Alexander von Korányi (1866-1944) was born in Budapest. He graduated in medicine in Budapest, then he moved to Strasbourg for his fellowship with F. Hoppe Seiler He devoted himself to the application of a physicochemical approach in the study of renal function in health and disease. Claude Bemard has postulated that healthy human organism is characterized by stable asmotic concentration of "milieu intérieur. Korányi assumed that kidneys regulate the osmolality of urine in such a way that the osmolality of blood should remain constant, concluding that the kidneys control the milieu interior (1894)
 
He employed the measurement of freezing point depression (FDP) to follow the osmolality of urine and blood in many different conditions in order to better understand the kidney function under normal and pathophysiological states (1). He recognized the marked reserved capacity of the kidneys to change the osmolality of the urine. In a patient with a one-side ureterostomy he demonstrated that FDP of urine from the diseased kidney changed less than that of in the contralateral healthy kidney. He concluded that the urine FDP is dependent on the state of kidney function and not on systemic metabolic change. He also postulated, based on his measurements, that the difference between the achievable minimal and maximal FDP, decreases proportional to the severity of the kidney disease. He recognized that the maximum FDP decreases while the minimum FDP increases by the progression of the renal disease and finally both values get close to the FDP value of blood. To describe this process he first coined the terms "hyposthenuria" and "isosthenuria". In his opinion, since less molecules were found in the urine of a diseased kidney, the retention of molecules caused the characteristic symptoms of renal failure (1896). Thus renal failure as a functional term was established by v. Korányi as it was emphasized also by Volhard, (1938 Buenos Aires) He also observed and recognized the hyposthenuric compensatory polyuria. He pin pointed the general malpractice of that time which was the withdrawal of fluid intake under this condition. Based on the results of his functional studies, v.

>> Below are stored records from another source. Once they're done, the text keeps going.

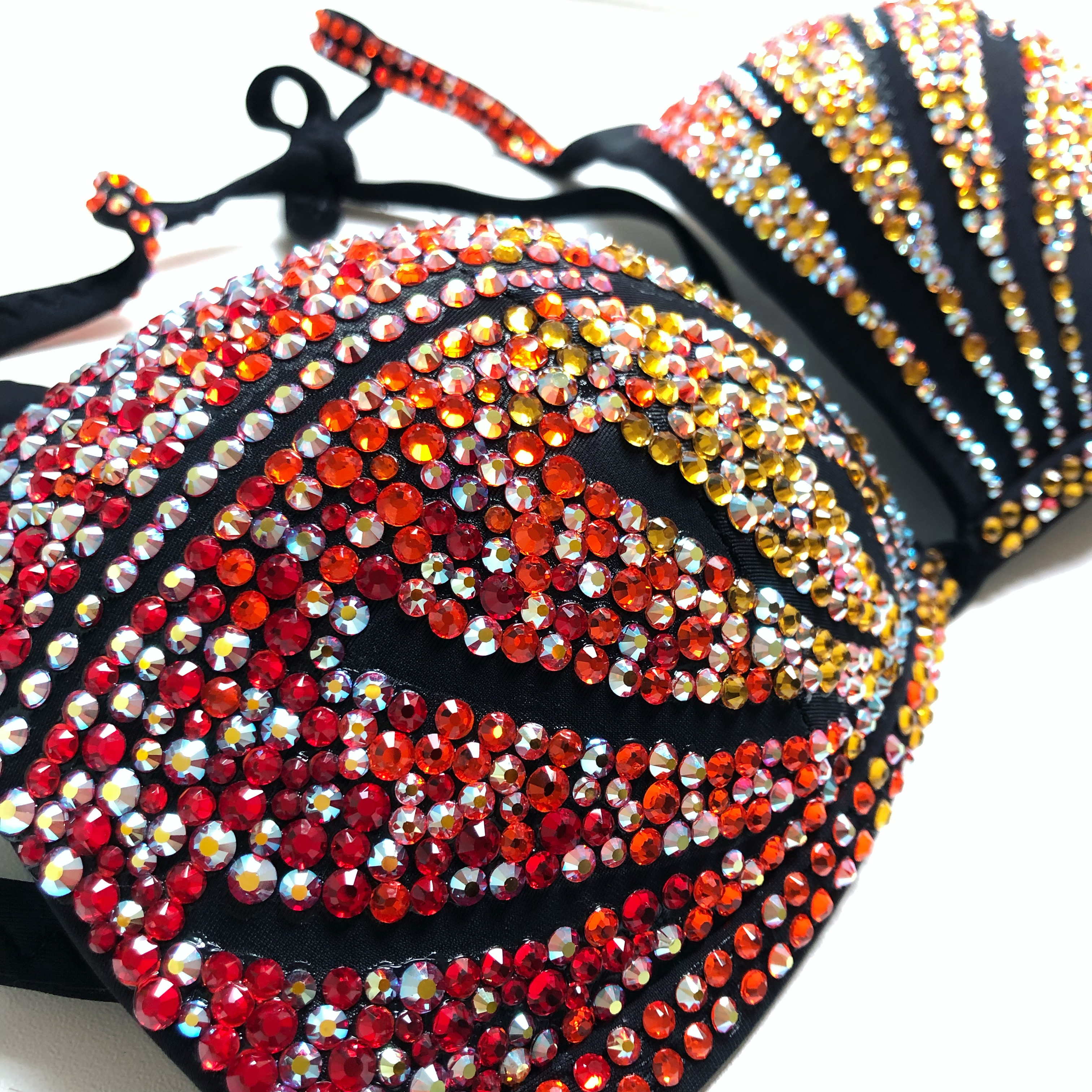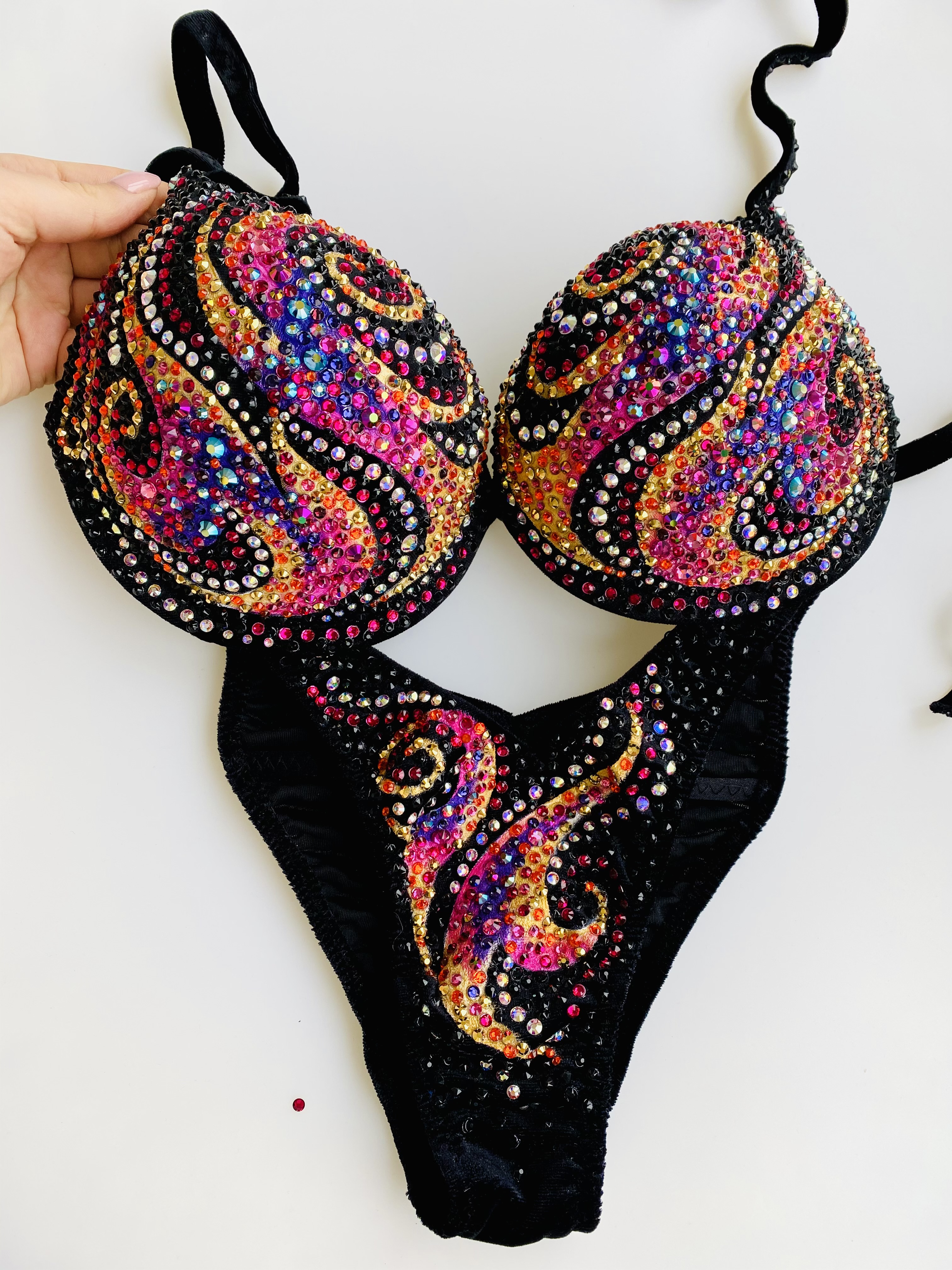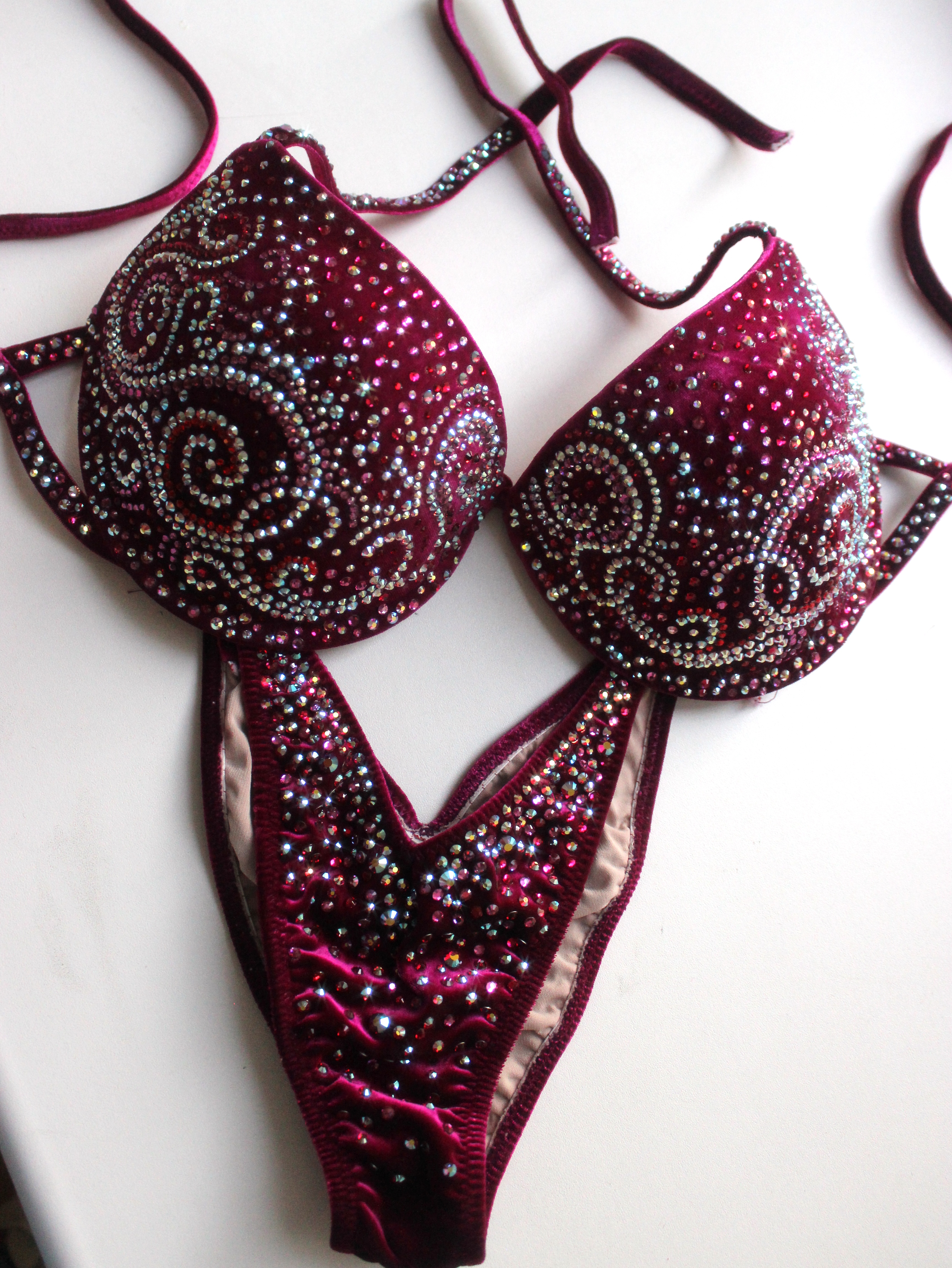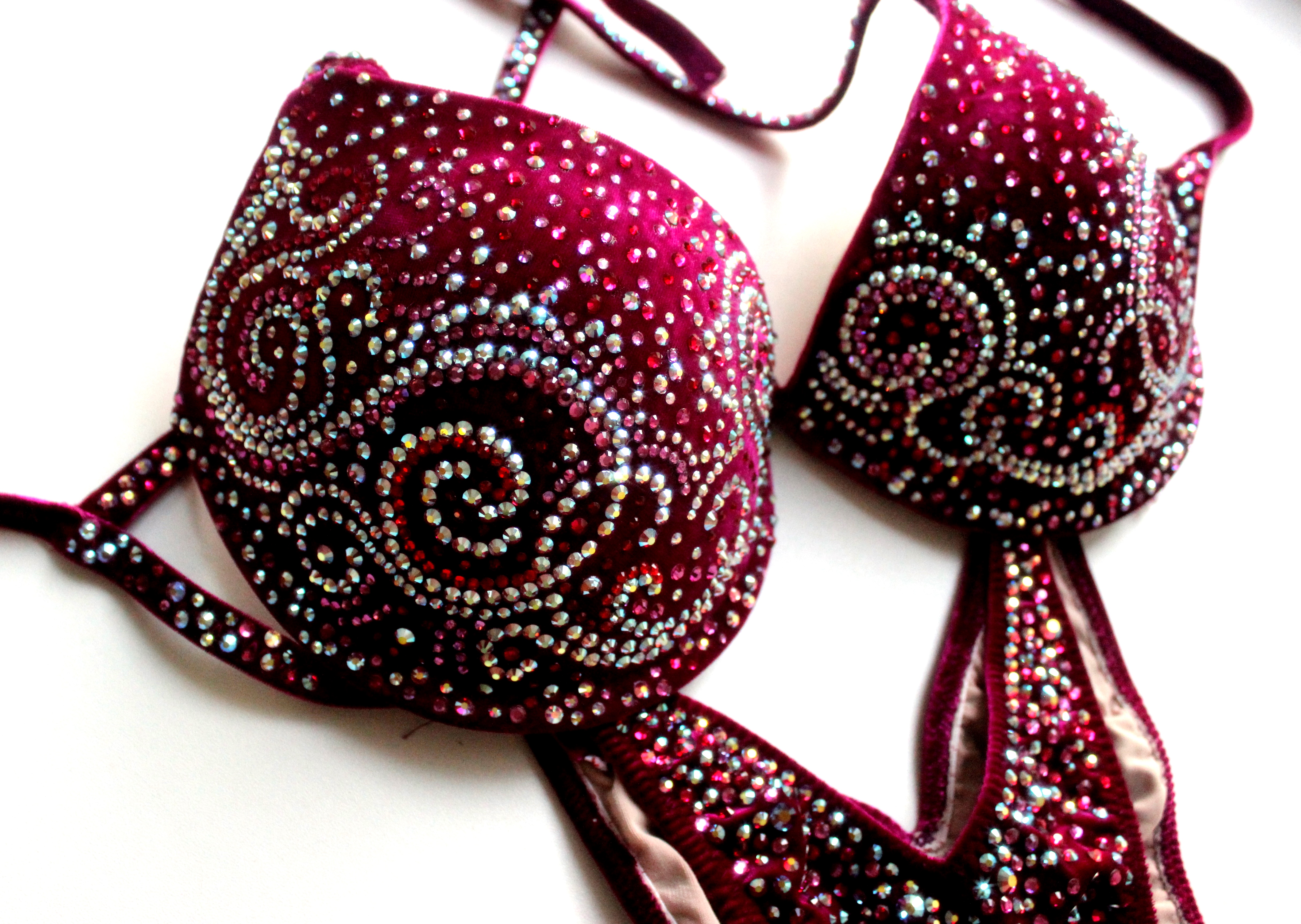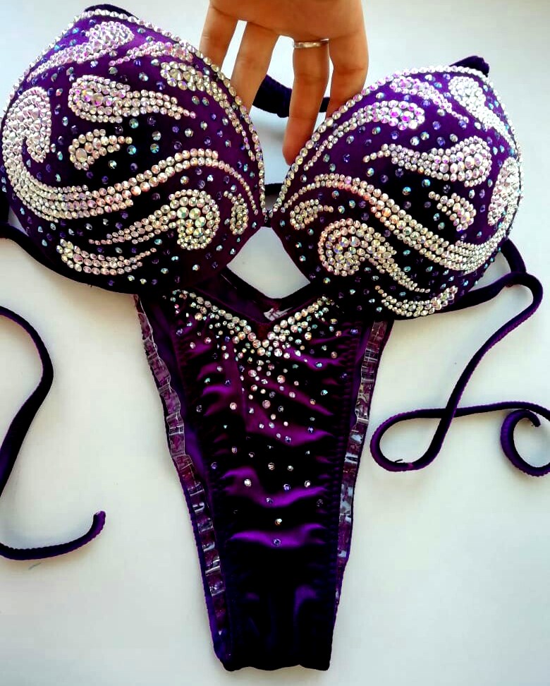 Купальник инкрустирован стразами Preciosa и стразами с гранкой Swarovski, можно скорректировать под купальник для БОДИФИТНЕСА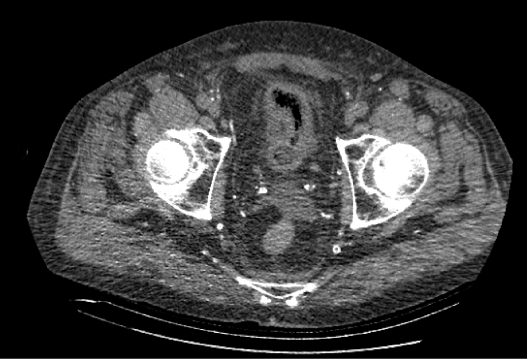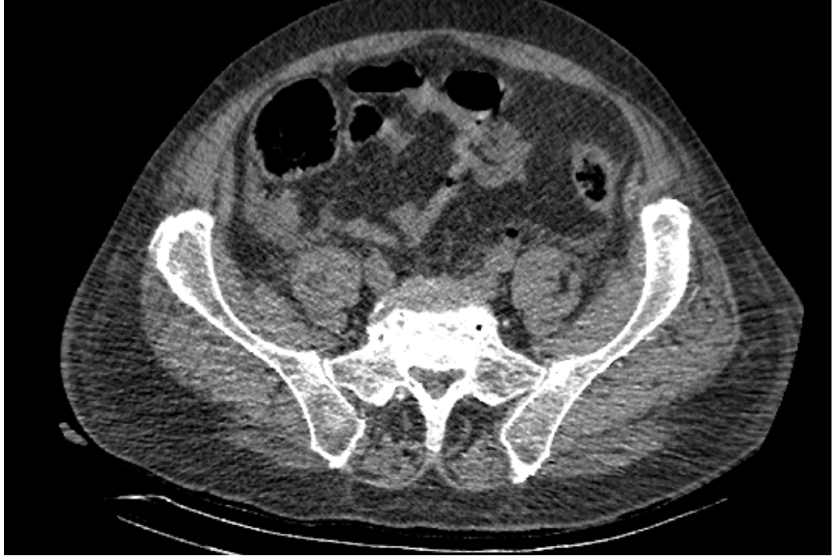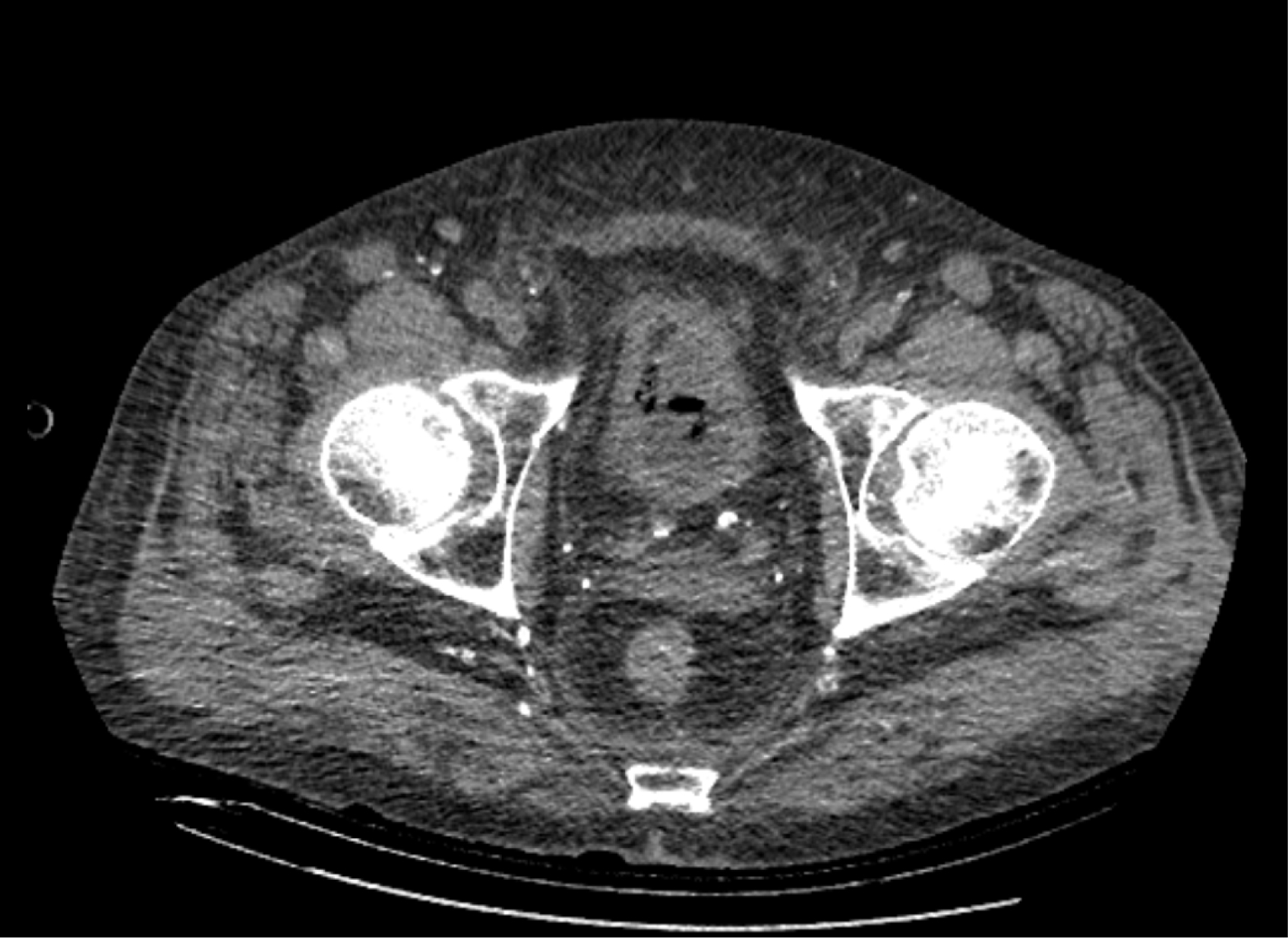 Рис. 1. Компьютерная томография органов брюшной полости, забрюшинного пространства, органов малого таза. Газ в мочевом пузыре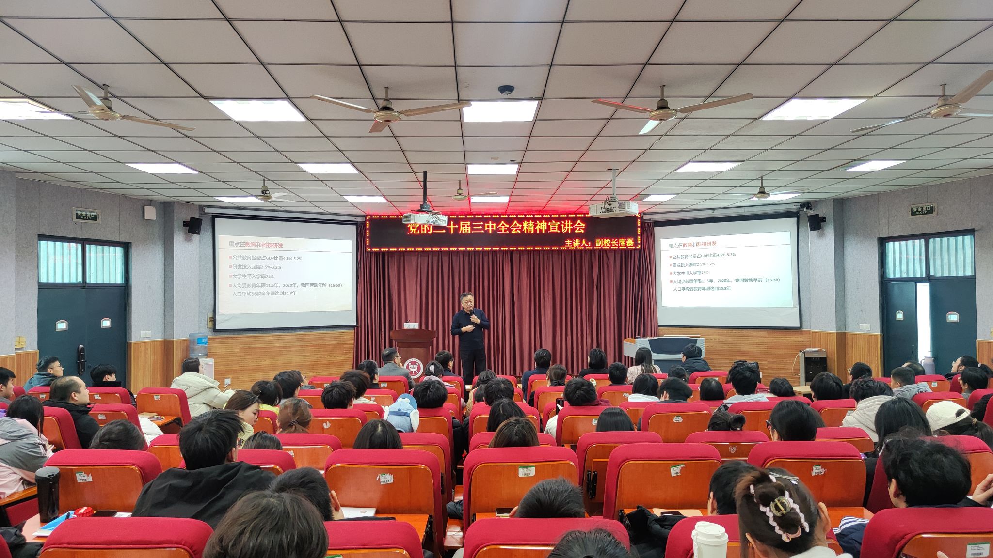 12月12日下午,副校长席磊在北林校区教学楼A200为北林校区师生宣讲党的二十届三中全会精神,太阳集团tyc234cc全体师生党员、信息工程学院(软件学院)部分师生代表参加。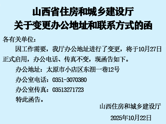 【行業(yè)動(dòng)態(tài)】山西省住房和城鄉(xiāng)建設(shè)廳關(guān)于變更辦公地址和聯(lián)系方式的函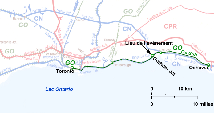 La subdivision de Kingston est formée d’une double voie et d’une voie multiple s’étendant du point milliaire 10,3 (Dorval, au Québec) au point milliaire 333,8 (Toronto). Ces voies se raccordent à la subdivision GO au point milliaire 313,9 (Durham Junction). La subdivision de Kingston est le principal corridor est-ouest du CN pour les trains de voyageurs et de marchandises dans le sud de l’Ontario. Dans la zone de l’accident, la vitesse maximale permise est de 65 mi/h pour les trains de marchandises et de 100 mi/h pour les trains de voyageurs. Les mouvements de train sur les 2 subdivisions de Kingston et GO sont régis par le système de commande centralisée de la circulation (CCC), en vertu du REFC, et surveillés par un contrôleur de la circulation ferroviaire (CCF) à Toronto.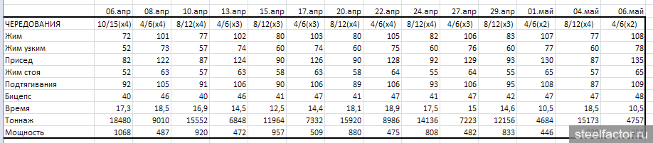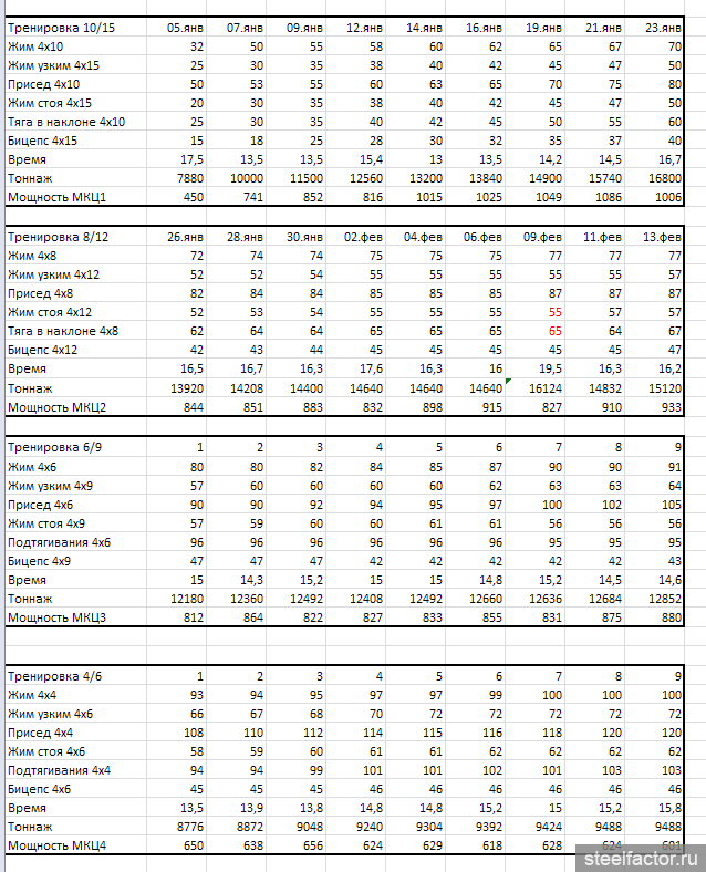 ), что того же самого можно добиться без устраивания гонки на время. На МОЙ (непрофессиональный взгляд) рациональное зерно в этой системе это более частая тренировка мышц (что, в общем в любом фулбади есть), ограничение целевой амплитуды, упор на базовые упражнения, работа на малые группы после больших). А вот необходимость постоянного увеличения мощности, как говорит Казаков (или плотности, короче КПШ в минуту) вызывает определённые вопросы.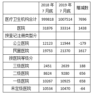 ×èÖ¹2019Äê7ÔÂ⣬£¬£¬£¬£¬£¬£¬Ò½Ôº3.3Íò¸ö£¬£¬£¬£¬£¬£¬£¬ÆäÖУº¹«Á¢Ò½Ôº1.2Íò¸ö£¬£¬£¬£¬£¬£¬£¬ÃñÓªÒ½Ôº2.1Íò¸ö¡£¡£¡£¡£¡£Óë2018Äê7ÔÂβ½ÏÁ¿£¬£¬£¬£¬£¬£¬£¬¹«Á¢Ò½ÔºïÔÌ179¸ö£¬£¬£¬£¬£¬£¬£¬ÃñÓªÒ½ÔºÔöÌí1617¸ö¡£¡£¡£¡£¡£

Korányi adjusted
the patient's diet and life style to the remaining functional capacity of the kidney (2,3,4).
 
He stated: "If we would be able to control the diet of kidney diseased patients in such a way that the number of molecules produced by the metabolism would not exceed the remaining molecular excretion capacity of the kidney then we would do a world of benefit for the patients." Alexander von Korányi was nominated for Nobel prize for his renal researches as it has been documented in the publication produced by the Nobel Institute (5). An inscript of the publication reads as: "In his studies of the functions of the kidneys, A. von Korányi employed at an early date physicochemical methods. He found that while the variations in the lowering of the freezing point of blood are extremely small, they are usually considerable in the case of urine, owing the differences in its solid contents. In the case of certain kidney diseases, von Korányi noticed that the variations had become smaller and utilized the reduction in the range of toleration to measure the extent of the defects in the kidneys. 
 
While these were an important step in the application to medicine of the advances made in physical chemistry, they were not held to merit a Nobel Prize." Korányi's accomplishments in nephrology might not have been enough to have recognized him as a Nobel prize laureate, yet it is certainly enough to appreciate him as the one whose works created a milestone in the development of nephrology.